__WHAT YOU WILL DO__:
Among the lines of data below, reproduce only those from the one with "à Bruxelles. |" through the one with "This paper reviews", exactly as they stand, both ends included.

__RECORDED DATA__:
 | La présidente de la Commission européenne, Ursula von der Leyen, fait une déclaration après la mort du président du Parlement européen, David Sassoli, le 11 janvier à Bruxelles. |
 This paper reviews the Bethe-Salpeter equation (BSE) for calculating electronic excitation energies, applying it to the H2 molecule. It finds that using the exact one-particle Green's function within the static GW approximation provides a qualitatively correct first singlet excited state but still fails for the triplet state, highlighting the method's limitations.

==

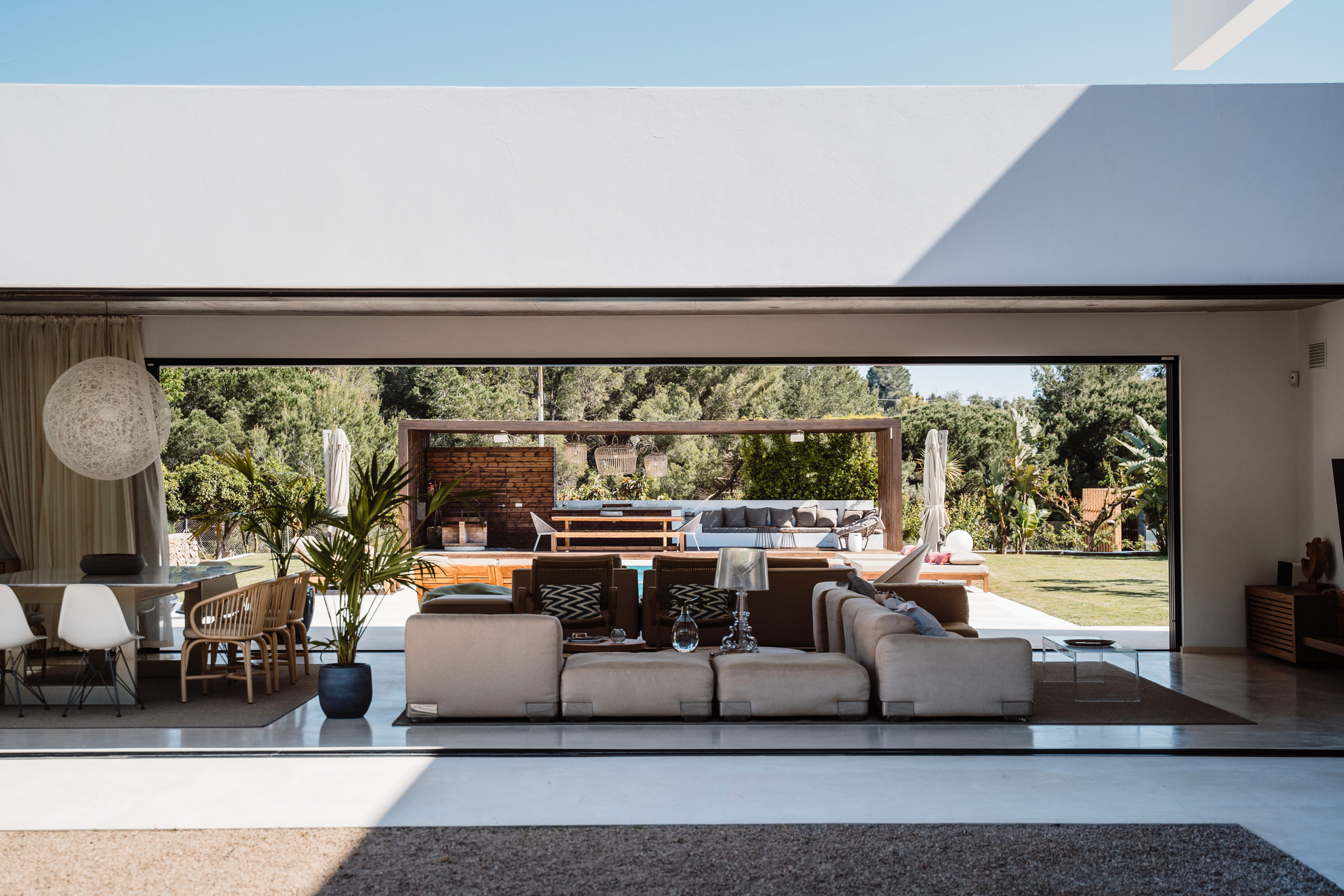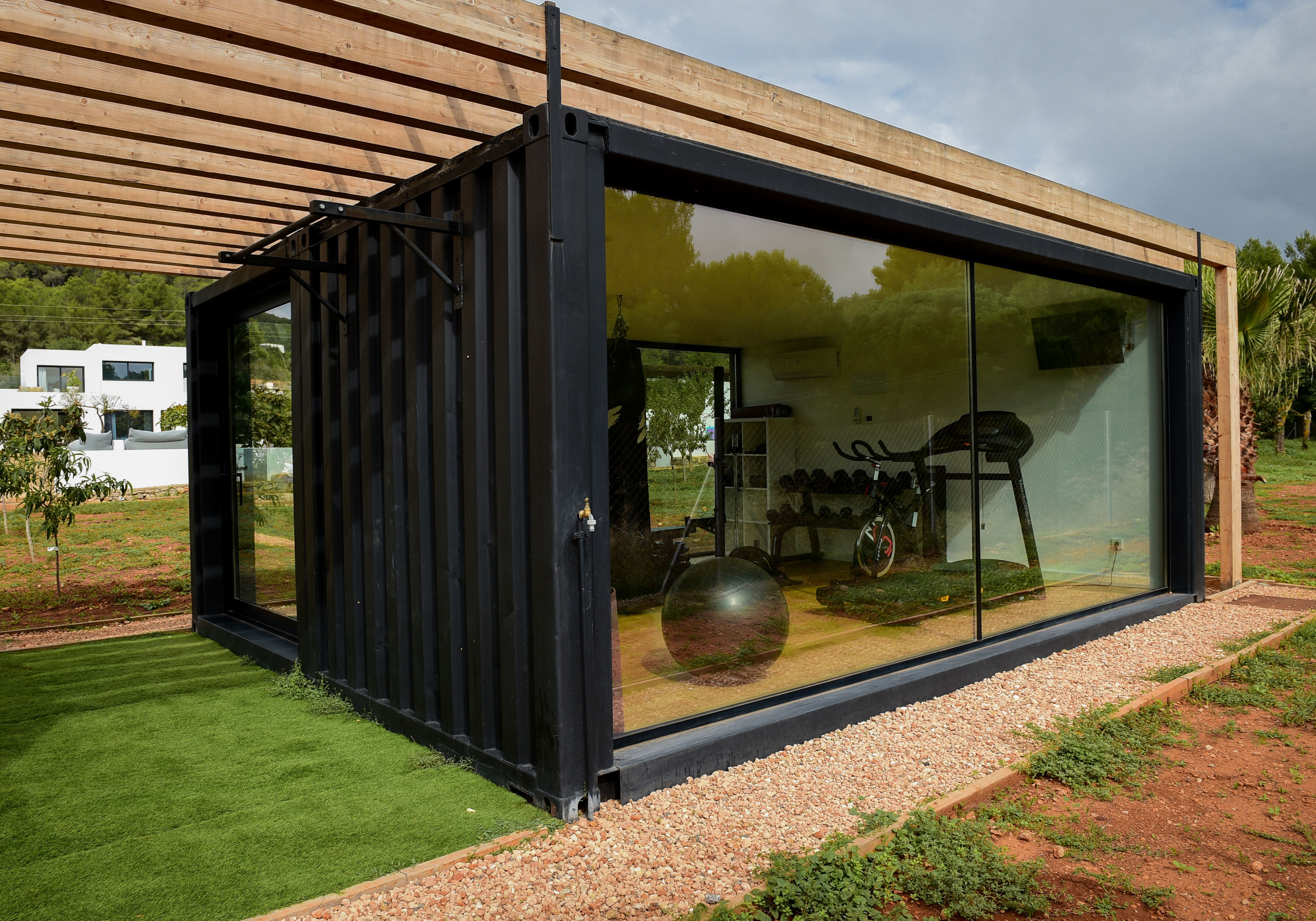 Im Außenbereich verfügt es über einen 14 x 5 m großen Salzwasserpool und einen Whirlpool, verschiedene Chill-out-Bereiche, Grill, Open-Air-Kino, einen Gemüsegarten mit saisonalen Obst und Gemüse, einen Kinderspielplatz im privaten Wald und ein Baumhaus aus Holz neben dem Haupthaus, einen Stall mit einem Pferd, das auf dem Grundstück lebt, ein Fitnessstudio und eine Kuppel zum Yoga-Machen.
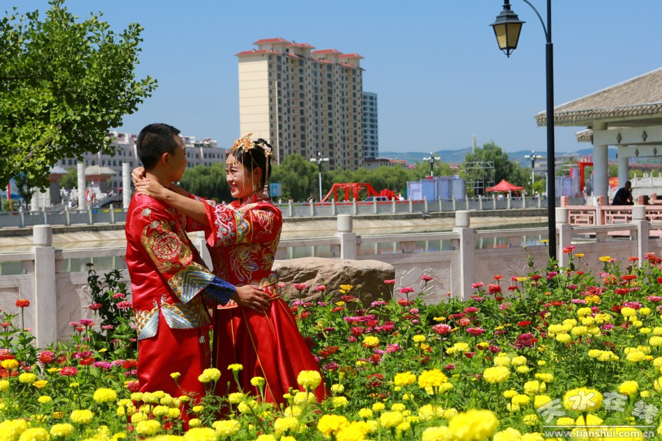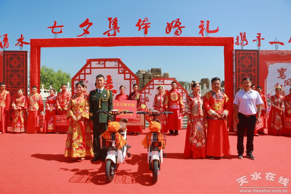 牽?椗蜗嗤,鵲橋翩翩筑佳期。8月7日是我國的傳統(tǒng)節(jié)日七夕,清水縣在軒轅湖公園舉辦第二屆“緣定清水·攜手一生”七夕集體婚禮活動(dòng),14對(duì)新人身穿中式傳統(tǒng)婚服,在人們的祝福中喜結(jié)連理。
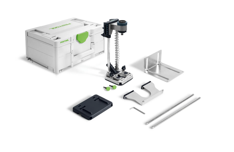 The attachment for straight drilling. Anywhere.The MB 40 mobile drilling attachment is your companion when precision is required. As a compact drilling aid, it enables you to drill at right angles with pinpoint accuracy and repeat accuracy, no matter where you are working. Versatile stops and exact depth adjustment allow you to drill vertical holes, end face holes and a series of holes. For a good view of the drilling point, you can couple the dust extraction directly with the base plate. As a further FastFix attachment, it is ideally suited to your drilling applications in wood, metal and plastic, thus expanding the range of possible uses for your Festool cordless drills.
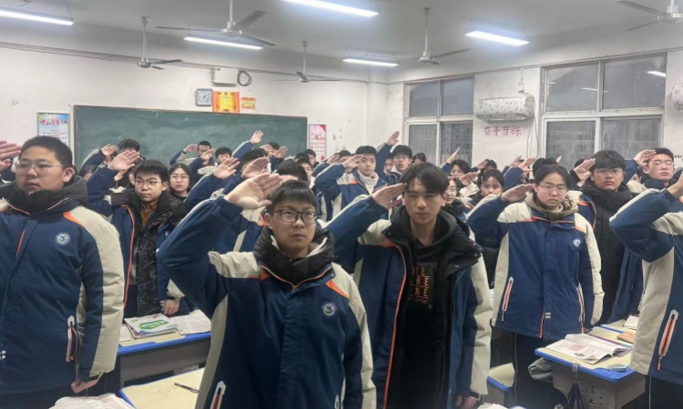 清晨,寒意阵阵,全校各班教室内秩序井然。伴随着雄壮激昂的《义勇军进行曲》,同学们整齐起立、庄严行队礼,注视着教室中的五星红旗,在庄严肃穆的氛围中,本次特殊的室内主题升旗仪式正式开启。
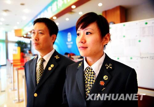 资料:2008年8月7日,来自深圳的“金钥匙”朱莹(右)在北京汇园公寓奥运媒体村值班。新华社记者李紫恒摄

__RESULT__:
 | La présidente de la Commission européenne, Ursula von der Leyen, fait une déclaration après la mort du président du Parlement européen, David Sassoli, le 11 janvier à Bruxelles. |
 This paper reviews the Bethe-Salpeter equation (BSE) for calculating electronic excitation energies, applying it to the H2 molecule. It finds that using the exact one-particle Green's function within the static GW approximation provides a qualitatively correct first singlet excited state but still fails for the triplet state, highlighting the method's limitations.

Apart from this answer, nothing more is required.